Setting it in the CEPT campus expanded the idea of knowledge sharing. Doshi, who was founder-dean of CEPT, and founder director of KCA, could think of no better way to dissolve these boundaries. Since the 22-acre university campus was used as a brick kiln before, Doshi retained the vocabulary of bricks across the structures, including KCA. He has designed a space that would have staggering stacks of studios, one above the other, to provide a visual and physical connect, ample light and ventilation. He manipulated the space around the low-lying brick kiln area and moved the building over the pit, so that the contrasts of sloping and flat surfaces could make KCA an immersive experience.
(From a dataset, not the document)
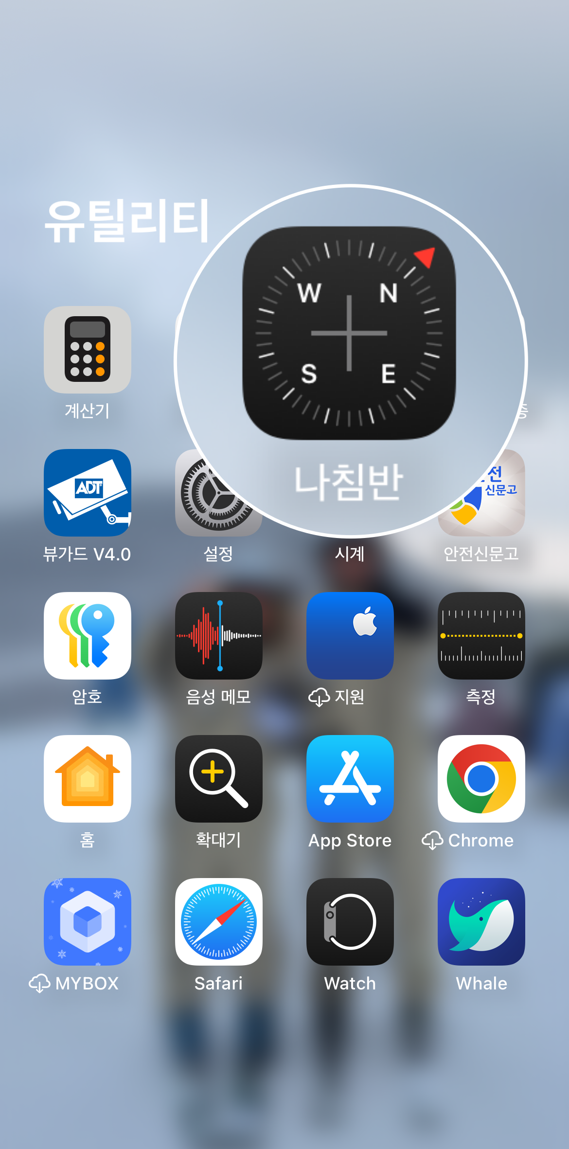 네이버 지도 나침반 말고도 아이폰을 사용하는 사람이라면 기본으로 제공되는 나침반을 통하여 정확한 방위를 알 수 있다. 네이버 지도 나침반과 기존으로 제공되는 나침반 모두 수평을 유지해야 정확한 방위를 알 수 있다. 아이폰 나침반은 지도를 보면서 동서남북을 알 수 없는 단점이 있지만 아주 정확하고 세세한 정보를 알 수 있는 장점이 있다.

Doshi arranged the rooms to express a medieval town, and kept the spaces flexible such that studios can be conducted on the lawns, the terrace, or any space in the building. While the open space in the middle of KCA is apt for performances, a hidden room at the bottom of the stairs, near the open space, doubles up as a green room during performances, or can become a meeting room.

“There was no gallery or cafe in Ahmedabad at the time, where people could just come together and connect with each other. We wanted an open space and that is how we went about designing the centre. We incorporated trees so that people could sit under it and discuss, or just have a cup of chai. The indoor spaces have also been created in a way that it celebrates the nature and greenery around,” says Doshi. The presence of artists, journalists, Gujarati film industry members and college students at the cafe testifies to its vibrant energy.

“Over the last five years, we have had literature festivals, children’s festivals, movie screenings, dance performances and lectures around art. The centre might look small but we can expand it in many ways,” says Kanoria.